また、卵管も片方が詰まっていると正常な方で排卵しても上手く卵子をキャッチできないと聞いたことがありますが、そうなのでしょうか。
ちなみに子宮ポリープは今年の2月に切除し、3月から人工授精がやっとできるようになりました。
年齢も年齢なので前向きに体外受精も考えてます!ご回答よろしくお願いいたします。

奥村レディースクリニック 向林 学 先生にお話を伺いました

【医師監修】奥村レディースクリニック 向林 学 先生
近畿大学医学部卒業。近畿大学医学部附属病院、那賀病院を経て、平成19年奥村レディースクリニック副院長に就任。平成28年より同クリニック院長として、質の高い医療と話しやすい雰囲気づくりを目指して診療にあたっている。

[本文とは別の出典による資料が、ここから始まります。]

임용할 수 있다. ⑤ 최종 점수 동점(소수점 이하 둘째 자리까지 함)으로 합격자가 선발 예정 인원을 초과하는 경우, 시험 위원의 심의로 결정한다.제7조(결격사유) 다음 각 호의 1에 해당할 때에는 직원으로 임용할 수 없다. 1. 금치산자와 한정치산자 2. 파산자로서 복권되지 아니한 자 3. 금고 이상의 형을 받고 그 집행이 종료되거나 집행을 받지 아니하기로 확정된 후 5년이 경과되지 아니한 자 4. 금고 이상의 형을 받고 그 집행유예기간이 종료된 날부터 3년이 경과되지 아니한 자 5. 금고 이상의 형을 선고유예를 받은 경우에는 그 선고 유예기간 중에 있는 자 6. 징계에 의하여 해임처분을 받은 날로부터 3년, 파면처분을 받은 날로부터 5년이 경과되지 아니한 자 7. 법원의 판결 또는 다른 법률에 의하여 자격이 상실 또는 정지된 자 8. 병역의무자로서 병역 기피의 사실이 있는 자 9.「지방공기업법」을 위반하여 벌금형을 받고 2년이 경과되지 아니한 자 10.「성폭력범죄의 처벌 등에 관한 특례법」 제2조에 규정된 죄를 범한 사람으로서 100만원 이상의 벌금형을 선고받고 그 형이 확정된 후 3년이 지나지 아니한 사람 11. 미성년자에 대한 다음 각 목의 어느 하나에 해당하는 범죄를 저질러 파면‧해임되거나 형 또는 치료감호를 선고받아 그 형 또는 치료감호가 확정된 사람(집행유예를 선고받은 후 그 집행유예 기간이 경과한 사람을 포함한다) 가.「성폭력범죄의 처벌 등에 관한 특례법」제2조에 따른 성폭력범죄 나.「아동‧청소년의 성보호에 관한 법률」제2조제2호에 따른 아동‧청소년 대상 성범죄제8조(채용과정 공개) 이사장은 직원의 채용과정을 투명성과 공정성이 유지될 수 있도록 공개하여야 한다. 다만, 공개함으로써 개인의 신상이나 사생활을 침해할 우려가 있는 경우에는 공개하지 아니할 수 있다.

日本生殖医学会生殖医療専門医、日本産科婦人科学会産婦人科専門医。
※お寄せいただいた質問への回答は、医師のご厚意によりお返事いただいているものです。また、質問者から寄せられた限りある情報の中でご回答いただいている為、実際のケースを完全に把握できておりません。従って、正確な回答が必要な場合は、実際の問診等が必要となることをご理解ください。

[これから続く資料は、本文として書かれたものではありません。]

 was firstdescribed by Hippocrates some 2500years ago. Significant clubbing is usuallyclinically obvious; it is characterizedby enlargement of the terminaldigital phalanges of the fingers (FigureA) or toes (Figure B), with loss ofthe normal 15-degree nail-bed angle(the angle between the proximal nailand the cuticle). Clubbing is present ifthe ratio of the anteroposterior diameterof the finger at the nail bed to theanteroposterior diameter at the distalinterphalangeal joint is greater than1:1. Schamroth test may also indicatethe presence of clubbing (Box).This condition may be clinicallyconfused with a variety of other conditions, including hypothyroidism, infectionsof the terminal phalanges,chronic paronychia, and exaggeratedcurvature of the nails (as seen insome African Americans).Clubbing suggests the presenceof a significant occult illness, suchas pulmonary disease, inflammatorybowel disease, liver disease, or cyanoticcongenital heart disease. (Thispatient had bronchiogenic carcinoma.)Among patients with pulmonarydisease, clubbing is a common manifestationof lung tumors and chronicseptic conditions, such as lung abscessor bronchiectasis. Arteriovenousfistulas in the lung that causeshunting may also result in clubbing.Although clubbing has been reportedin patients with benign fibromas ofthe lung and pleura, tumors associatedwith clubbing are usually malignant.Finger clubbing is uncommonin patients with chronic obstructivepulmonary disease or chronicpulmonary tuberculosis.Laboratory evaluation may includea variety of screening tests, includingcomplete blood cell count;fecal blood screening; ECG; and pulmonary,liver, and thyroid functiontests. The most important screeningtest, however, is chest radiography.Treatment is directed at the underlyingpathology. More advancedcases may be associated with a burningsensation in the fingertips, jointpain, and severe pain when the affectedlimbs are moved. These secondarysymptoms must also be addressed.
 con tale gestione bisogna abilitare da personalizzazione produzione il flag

子宮腺筋症は子宮内膜に似た組織が子宮壁(子宮筋層)の中で増えることで子宮壁が厚くなり子宮自体が腫れてしまう病態です。30歳代後半から40歳以上の妊娠経験者に多いとされていますが、未経産のより若い年代にも認められることもあります。妊娠への影響については、子宮筋層の異常運動による着床障害や精子の卵管への侵入阻害が指摘されています。また、子宮筋腫子宮内膜症も合併していることも多く妊孕能(妊娠のしやすさ)の低下や流産率の増加が報告されています。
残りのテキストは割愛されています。